Lovaas answer ex 12a: The coefficient estimate for the regression of X onto Y the same as the coefficient estimate for the regression of Y onto X when the sum of the squares of the observed y-values are equal to the sum of the squares of the observed x-values.
set.seed(1)
x = rnorm(100)
y = 2*x
lm.fity = lm(y~x+0)
lm.fitx = lm(x~y+0)
summary(lm.fity)
## Warning in summary.lm(lm.fity): essentially perfect fit: summary may be
## unreliable
##
## Call:
## lm(formula = y ~ x + 0)
##
## Residuals:
## Min 1Q Median 3Q Max
## -3.776e-16 -3.378e-17 2.680e-18 6.113e-17 5.105e-16
##
## Coefficients:
## Estimate Std. Error t value Pr(>|t|)
## x 2.000e+00 1.296e-17 1.543e+17 <2e-16 ***
## ---
## Signif. codes: 0 '***' 0.001 '**' 0.01 '*' 0.05 '.' 0.1 ' ' 1
##
## Residual standard error: 1.167e-16 on 99 degrees of freedom
## Multiple R-squared: 1, Adjusted R-squared: 1
## F-statistic: 2.382e+34 on 1 and 99 DF, p-value: < 2.2e-16
summary(lm.fitx)
## Warning in summary.lm(lm.fitx): essentially perfect fit: summary may be
## unreliable
##
## Call:
## lm(formula = x ~ y + 0)
##
## Residuals:
## Min 1Q Median 3Q Max
## -1.888e-16 -1.689e-17 1.339e-18 3.057e-17 2.552e-16
##
## Coefficients:
## Estimate Std.
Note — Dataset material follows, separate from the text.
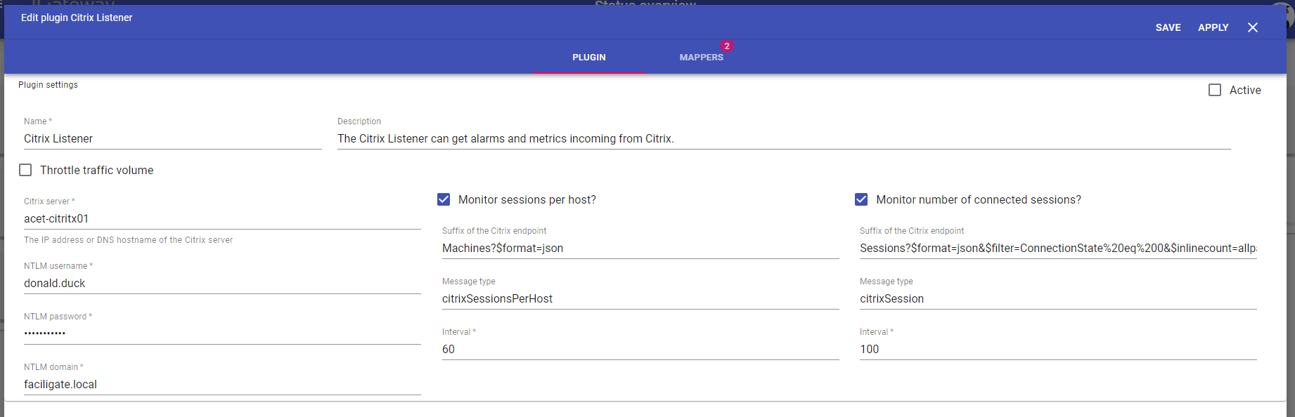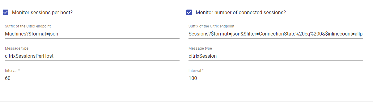 The Citrix configuration consists of the generic fields that every plugin needs as well as the specific Citrix fields:

Error t value Pr(>|t|)
## y 5.00e-01 3.24e-18 1.543e+17 <2e-16 ***
## ---
## Signif. codes: 0 '***' 0.001 '**' 0.01 '*' 0.05 '.' 0.1 ' ' 1
##
## Residual standard error: 5.833e-17 on 99 degrees of freedom
## Multiple R-squared: 1, Adjusted R-squared: 1
## F-statistic: 2.382e+34 on 1 and 99 DF, p-value: < 2.2e-16
set.seed(1)
x <- rnorm(100)
y <- -sample(x, 100)
lm.fity2 = lm(y~x+0)
lm.fitx2 = lm(x~y+0)
summary(lm.fity2)
##
## Call:
## lm(formula = y ~ x + 0)
##
## Residuals:
## Min 1Q Median 3Q Max
## -2.2833 -0.6945 -0.1140 0.4995 2.1665
##
## Coefficients:
## Estimate Std. Error t value Pr(>|t|)
## x 0.07768 0.10020 0.775 0.44
##
## Residual standard error: 0.9021 on 99 degrees of freedom
## Multiple R-squared: 0.006034, Adjusted R-squared: -0.004006
## F-statistic: 0.601 on 1 and 99 DF, p-value: 0.4401
summary(lm.fitx2)
##
## Call:
## lm(formula = x ~ y + 0)
##
## Residuals:
## Min 1Q Median 3Q Max
## -2.2182 -0.4969 0.1595 0.6782 2.4017
##
## Coefficients:
## Estimate Std. Error t value Pr(>|t|)
## y 0.07768 0.10020 0.775 0.44
##
## Residual standard error: 0.9021 on 99 degrees of freedom
## Multiple R-squared: 0.006034, Adjusted R-squared: -0.004006
## F-statistic: 0.601 on 1 and 99 DF, p-value: 0.4401
Lovaas note ex 12c: note that the coefficients are the same, 0.07768, for each model.